CAR-T Meeting 2024 | The challenges with CAR T-cell therapy for T-ALL and the progress made to overcome these challenges

So T-cell acute lymphoblastic leukemia is a really underserved population at relapse because we know that at relapse the prognosis is really dismal. So CAR T-cells for T-ALL pose a very difficult problem. Why? Because CAR T-cells are T-cells.

So if you manufacture them and you do not have a leukemia-specific target, the CARs will kill themselves. So it’s called fratricide or as the Americans say, “friendly fire”. This is the first problem.

The second problem is, in B-ALL, when you destroy normal B-cells, you can live without B cells if you substitute them with immunoglobulin, which is the case of the first famous Emily Whitehead patient -she still receives immunoglobulin 12 years later. But you cannot live without T-cells so T-cell aplasia is to be prevented or treated.

And the third problem is because T-cell blasts look like T-cells, contamination during the manufacturing process is very difficult to prevent and if you do not, you will put CAR in a blast, which is not what you would like to do, obviously.

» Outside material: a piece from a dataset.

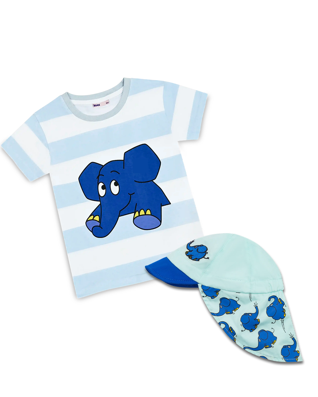 Spielspaß & Sonnenschutz – Elefant T-Shirt & Sun Cap im fröhlichen Set.
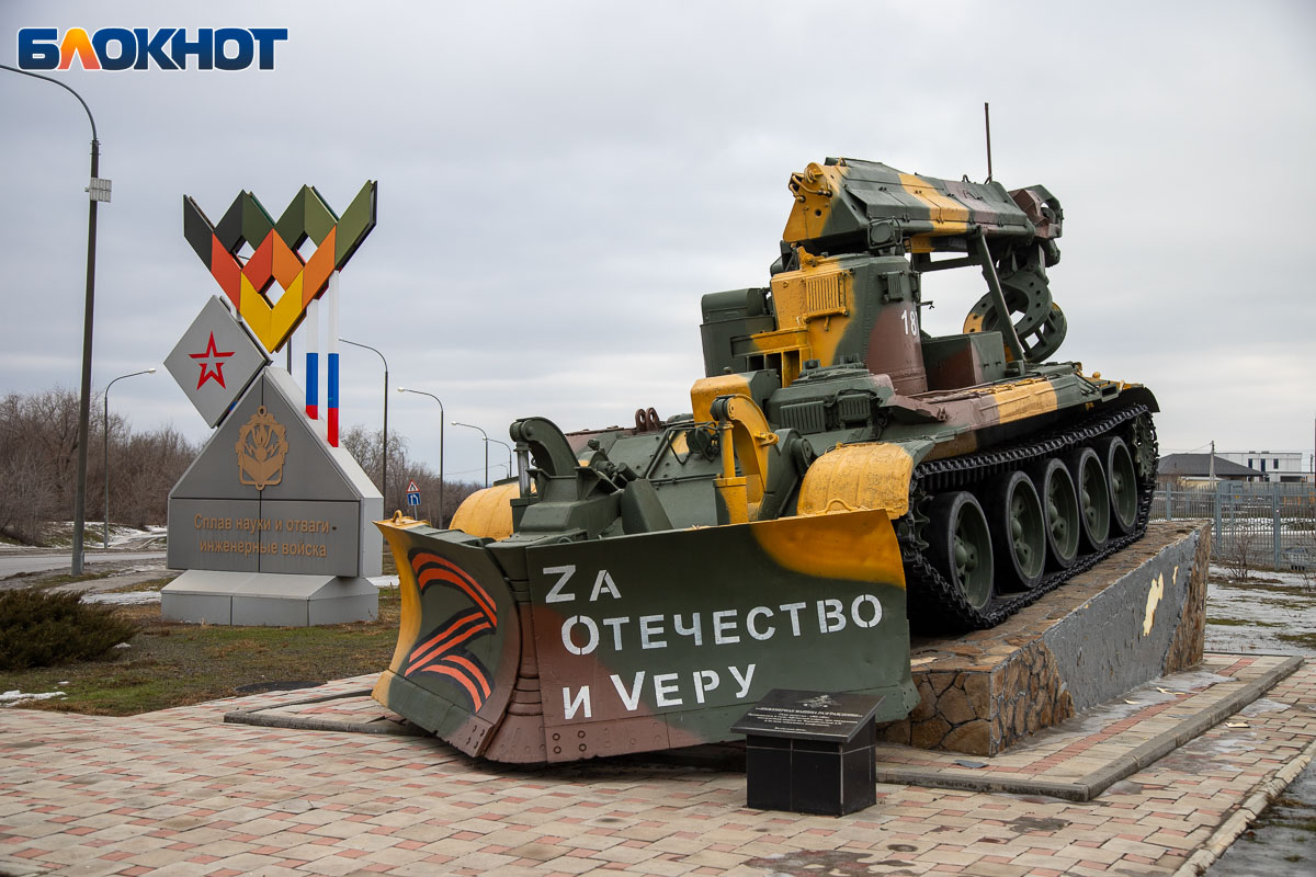 На въезде в Волжский гостей встречает инженерная машина разграждения — символ воинской доблести и технической мощи армии. Этот памятный объект сразу задаёт тон: город чтит тех, кто стоял и стоит на защите страны.

So these are the main problems. And also if you talk about allogeneic CARs, then the problem is you risk inducing so-called graft versus host disease with a T-cell bearing the CARs that you infuse which are not the same HLA type as the recipient’s.

So at the moment, all these problems have been tackled and very elegantly. The first one, which is, I would say, the predominating model is to say, let’s abolish the target inside the CAR T-cell, and I will look for this target on the leukemia. So the antigen, which is the most fashionable at the moment is called CD7. So there is a very elegant way, either by knockout or by retaining the information, retaining the protein inside the cell, not at the surface, so that the CAR T-cell does not express any more CD7 and there is no fratricide. So this problem has been overcome.

The elegant way also, when wanting to give allogeneic CAR T-cells, is to say I will destroy the TCR (the T-cell receptor). So this has been done by many methods, including CRISPR and, more elegantly, with base editing. So there is a beautiful English publication in the New England Journal of Medicine, with three patients being edited and receiving allogeneic CAR-T, and then being brought to transplant successfully, at least in two of the three cases. So these are, let’s say, embryonic results.

And there are also nice company-driven, biotech-driven results with 25 patients with a very promising overall response rate at the recommended Phase II dose, which is pretty high (900 million cells flat dose, which is six times what we infuse generally). But with this dose and with the adapted conditioning regiment, which was presented at ASH 2023, the overall response rate is 100%. Obviously, these are allogeneic CARs, they do not persist and you will probably need a transplant for most of the patients, but let’s say that compared to a few years ago, the field of CAR T-cells for T-cell ALL is advancing a lot.